I have done several different runs and here I am attaching some of my results:

Untitled

If you look at the attached image, It seems running Trim_galore with --non-directional mode gives the results that we expect and trims 2 bp from 5end of R1 and keeps the first 2 bp from the 5 end of R2 which are indeed true methylated sites. On the other hand by running directional mode I lose my true methylation sites on R2 reads. I am really confused to understand the logic of how directional vs. non-directional modes trims reads and why running --non-directional mode fix my reads? I appreciate if you could provide some explanations and why we see this pattern.

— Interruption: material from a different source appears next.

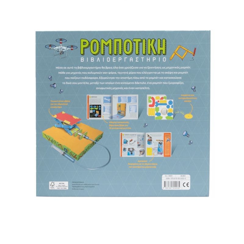 Μέσα σε αυτό το βιβλιοεργαστήριο θα βρεις όλα όσα χρειάζεσαι για να ξεκινήσεις ως μηχανικός ρομπότ. Μάθε για μηχανές που κολυμπούν σαν ψάρια, τεχνητά χέρια που ελέγχονται με τη σκέψη και ρομπότ που παίζουν ποδόσφαιρο. Εξερεύνησε την επιστήμη πίσω από τα ρομπότ και κατασκεύασε τα δικά σου μοντέλα, μεταξύ των οποίων ένα κινούμενο δάκτυλο, ένα ρομπότ που ζωγραφίζει, ανυψωτικές μηχανές και έναν καταπέλτη.

I have contacted Diagenode to know why R2 and R1 are swapped but it seems that's the way is designed and works. It seems trimming non-directional and aligning --pbat gives the results I want without any need for swapping the reads.

FelixKrueger commented 1 year ago

Ok, I'll give it a go. Please see the attached slides for illustration. Potential pitfalls with RRBS libraries.pptx

Directional libraries

For directional the situation is fairly straight forward (slide 3, OT and OB strands).

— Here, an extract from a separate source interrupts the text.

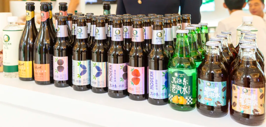 马迭尔股份公司的展位设计独具匠心,带来了丰富多元的产品惊艳亮相,引得参会者纷纷驻足。饮品方面,有IPA、世涛、白啤、皮尔森四款经典精酿啤酒,还有蔓越莓、草莓、黑加仑、蓝靛果等5款果味西打,以及马迭尔老汽水、咖啡气泡水2款特色饮品。每一款产品都是从传统到创新的不断尝试。

single-end: For SE libraries, you can have the situation that reads are shorter than the fragment size so you never sequence into the adapter on the 3' end: fine. If the read length is longer than the fragment, you will sequence into adapter and thus need to remove 2bp prior to adapter. So far so good.

paired-end: For paired-end reads, R1 is the same as in the single-end situation. Read 2 technically looks like a read from CTOT or CTOB, so the second base from the start (5' end) contains the base opposite the filled in C, and this base is almost certainly called unmethylated.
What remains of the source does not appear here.